Ketogenic diet (KD) is a high-fat and low-carbohydrate therapy for medically intractable epilepsy, and its applications in other neurological conditions, including those occurring in children, have been increasingly tested. However, how KD affects childhood neurodevelopment, a highly sensitive and plastic process, is not clear. In this study, we explored structural, metabolic, and functional consequences of a brief treatment of a strict KD (weight ratio of fat to carbohydrate plus protein is approximately 6.3:1) in naive juvenile mice of different inbred strains, using a multidisciplinary approach. Systemic measurements using magnetic resonance imaging revealed that unexpectedly, the volumes of most brain structures in KD-fed mice were about 90% of those in mice of the same strain but fed a standard diet. The reductions in volumes were nonselective, including different regions throughout the brain, the ventricles, and the white matter. The relative volumes of different brain structures were unaltered. Additionally, as KD is a metabolism-based treatment, we performed untargeted metabolomic profiling to explore potential means by which KD affected brain growth and to identify metabolic changes in the brain. We found that brain metabolomic profile was significantly impacted by KD, through both distinct and common pathways in different mouse strains. To explore whether the volumetric and metabolic changes induced by this KD treatment were associated with functional consequences, we recorded spontaneous EEG to measure brain network activity. Results demonstrated limited alterations in EEG patterns in KD-fed animals. In addition, we observed that cortical levels of brain-derived neurotrophic factor (BDNF), a critical molecule in neurodevelopment, did not change in KD-fed animals. Together, these findings indicate that a strict KD could affect volumetric development and metabolic profile of the brain in inbred juvenile mice, while global network activities and BDNF signaling in the brain were mostly preserved. Whether the volumetric and metabolic changes are related to any core functional consequences during neurodevelopment and whether they are also observed in humans need to be further investigated. In addition, our results indicate that certain outcomes of KD are specific to the individual mouse strains tested, suggesting that the physiological profiles of individuals may need to be examined to maximize the clinical benefit of KD.
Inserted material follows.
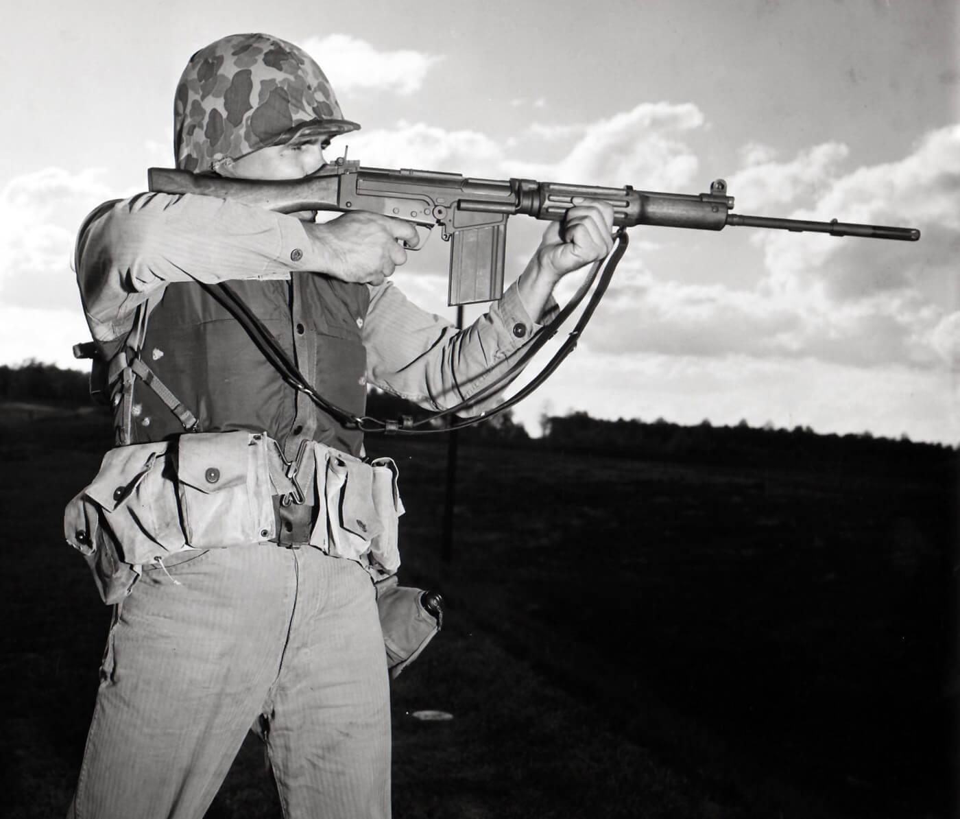 Например, «гаранд» не имел режима стрельбы очередями. Между тем, некоторые офицеры полагали, что если научить «гаранд» вести полностью автоматический огонь, да еще приспособить к нему 20-типатронные магазины от ручного пулемета BAR M1918, то более тяжелый ручник можно будет и убрать. Впрочем – мечтать так мечтать! – новая винтовка могла бы заменить «гаранд», BAR, M1 Carbine, пистолеты-пулеметы, иметь меньший, не более 7 фунтов, вес и габариты за счет складного приклада. И да, хорошо бы и при этом сохранить не менее 85% преемственности с уже производимым М1.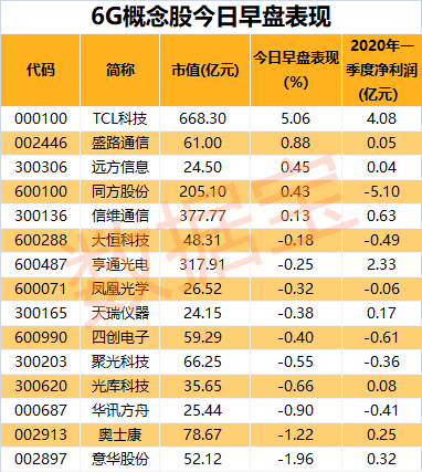 从二级市场表现来看,截至中午收盘,6G相关概念股整体跑赢大盘,在为数不多的15只6G概念股中,半数以上个股呈上涨状态,TCL科技、盛路通信、远方信息、同方股份4股涨幅居前。

生酮饮食 (KD) 是一种用于治疗难治性癫痫的高脂肪和低碳水化合物疗法，其在其他神经系统疾病（包括儿童疾病）中的应用已得到越来越多的测试。然而，KD如何影响儿童神经发育，一个高度敏感和可塑性的过程，尚不清楚。在这项研究中，我们使用多学科方法探索了对不同近交系幼年小鼠进行严格 KD（脂肪与碳水化合物加蛋白质的重量比约为 6.3:1）的短暂治疗的结构、代谢和功能后果。使用磁共振成像进行的全身测量显示，出乎意料的是，喂食 KD 的小鼠的大多数大脑结构的体积约为相同品系但喂食标准饮食的小鼠的 90%。体积的减少是非选择性的，包括整个大脑、心室和白质的不同区域。不同大脑结构的相对体积没有改变。此外，由于 KD 是一种基于代谢的治疗，我们进行了非靶向代谢组学分析，以探索 KD 影响大脑生长的潜在方式，并确定大脑中的代谢变化。我们发现，通过不同小鼠品系中不同和共同的途径，KD 显着影响大脑代谢组学特征。为了探索这种 KD 治疗引起的体积和代谢变化是否与功能后果相关，我们记录了自发 EEG 以测量大脑网络活动。结果表明，喂食 KD 的动物的脑电图模式变化有限。此外，我们观察到，脑源性神经营养因子 (BDNF) 的皮质水平是神经发育中的关键分子，在 KD 喂养的动物中没有变化。总之，这些发现表明，严格的 KD 可能会影响近交幼鼠大脑的体积发育和代谢特征，而大脑中的全局网络活动和 BDNF 信号传导大多被保留。体积和代谢变化是否与神经发育过程中的任何核心功能后果有关，以及它们是否也在人类中观察到，需要进一步研究。此外，我们的结果表明，KD 的某些结果是特定于所测试的个体小鼠品系的，这表明可能需要检查个体的生理特征以最大化 KD 的临床益处。